» PROBLEM DETAILS
The answer must consist only of the lines in the records below from the line with "379 Kregelzanger /" to the line with "Following last month's", both included, copied word for word with every picture left out.

» DATA IN THIS EXERCISE
┌──
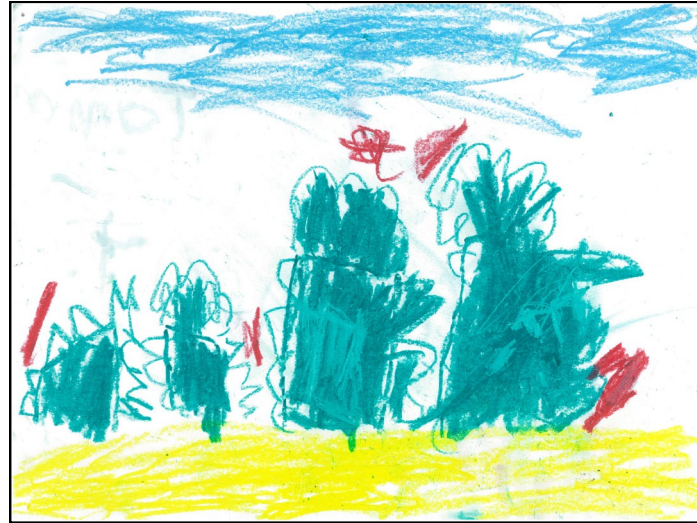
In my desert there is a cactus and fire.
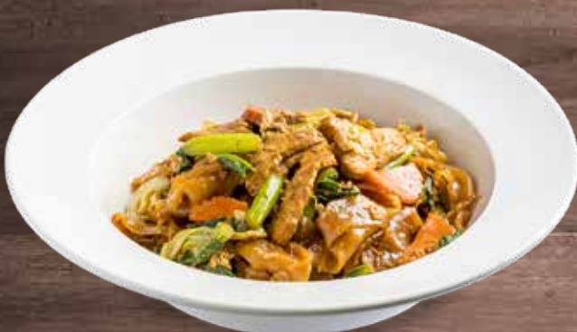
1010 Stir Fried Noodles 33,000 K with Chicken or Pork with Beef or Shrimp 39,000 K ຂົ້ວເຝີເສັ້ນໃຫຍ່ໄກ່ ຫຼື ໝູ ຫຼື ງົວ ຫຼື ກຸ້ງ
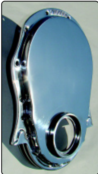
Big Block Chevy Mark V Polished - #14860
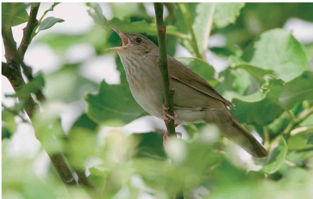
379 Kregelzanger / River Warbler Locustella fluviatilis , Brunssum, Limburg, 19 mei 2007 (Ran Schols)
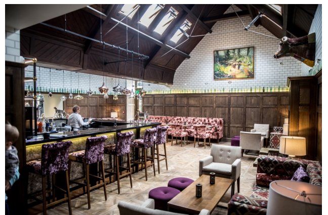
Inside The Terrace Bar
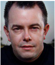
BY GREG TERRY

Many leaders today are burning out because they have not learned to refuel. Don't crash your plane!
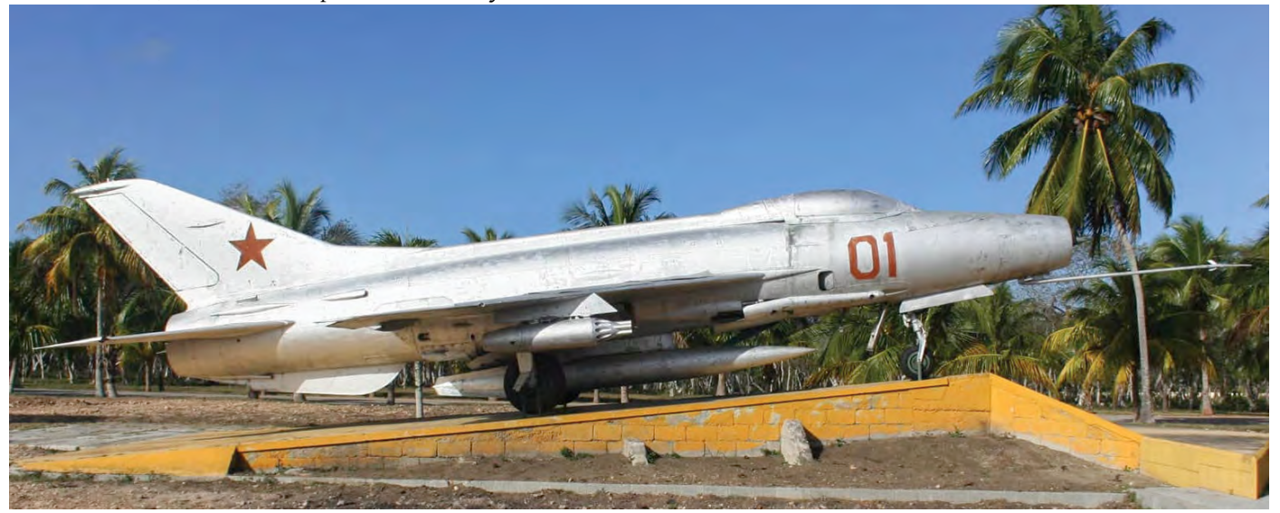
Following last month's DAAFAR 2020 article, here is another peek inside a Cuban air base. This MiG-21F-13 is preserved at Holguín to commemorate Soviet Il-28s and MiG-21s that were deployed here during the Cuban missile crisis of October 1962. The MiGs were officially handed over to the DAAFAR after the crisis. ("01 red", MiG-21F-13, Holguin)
└──
┌──
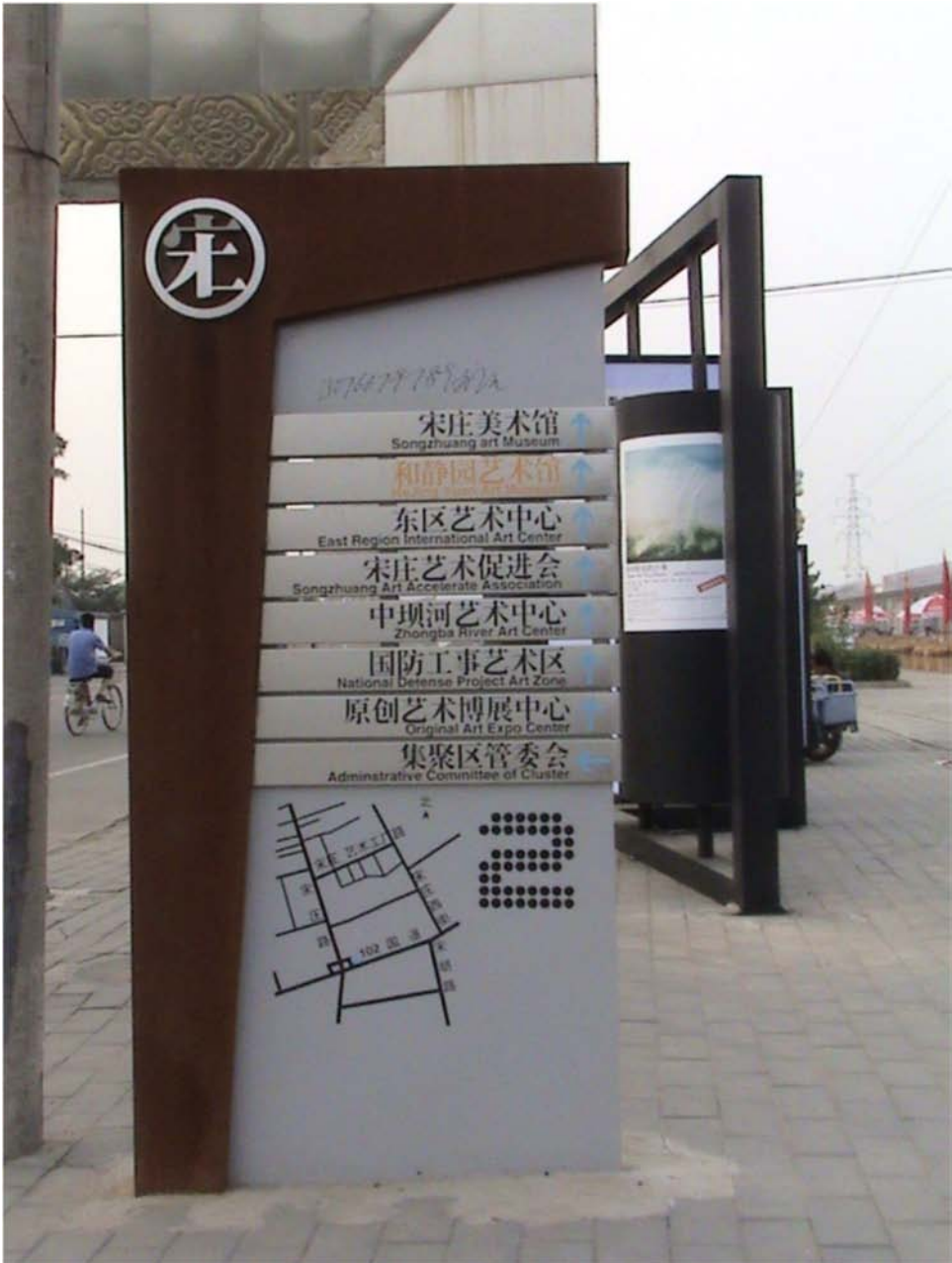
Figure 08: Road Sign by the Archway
└──
» SOLUTION BELOW
379 Kregelzanger / River Warbler Locustella fluviatilis , Brunssum, Limburg, 19 mei 2007 (Ran Schols)
Inside The Terrace Bar
BY GREG TERRY

Many leaders today are burning out because they have not learned to refuel. Don't crash your plane!
Following last month's DAAFAR 2020 article, here is another peek inside a Cuban air base. This MiG-21F-13 is preserved at Holguín to commemorate Soviet Il-28s and MiG-21s that were deployed here during the Cuban missile crisis of October 1962. The MiGs were officially handed over to the DAAFAR after the crisis. ("01 red", MiG-21F-13, Holguin)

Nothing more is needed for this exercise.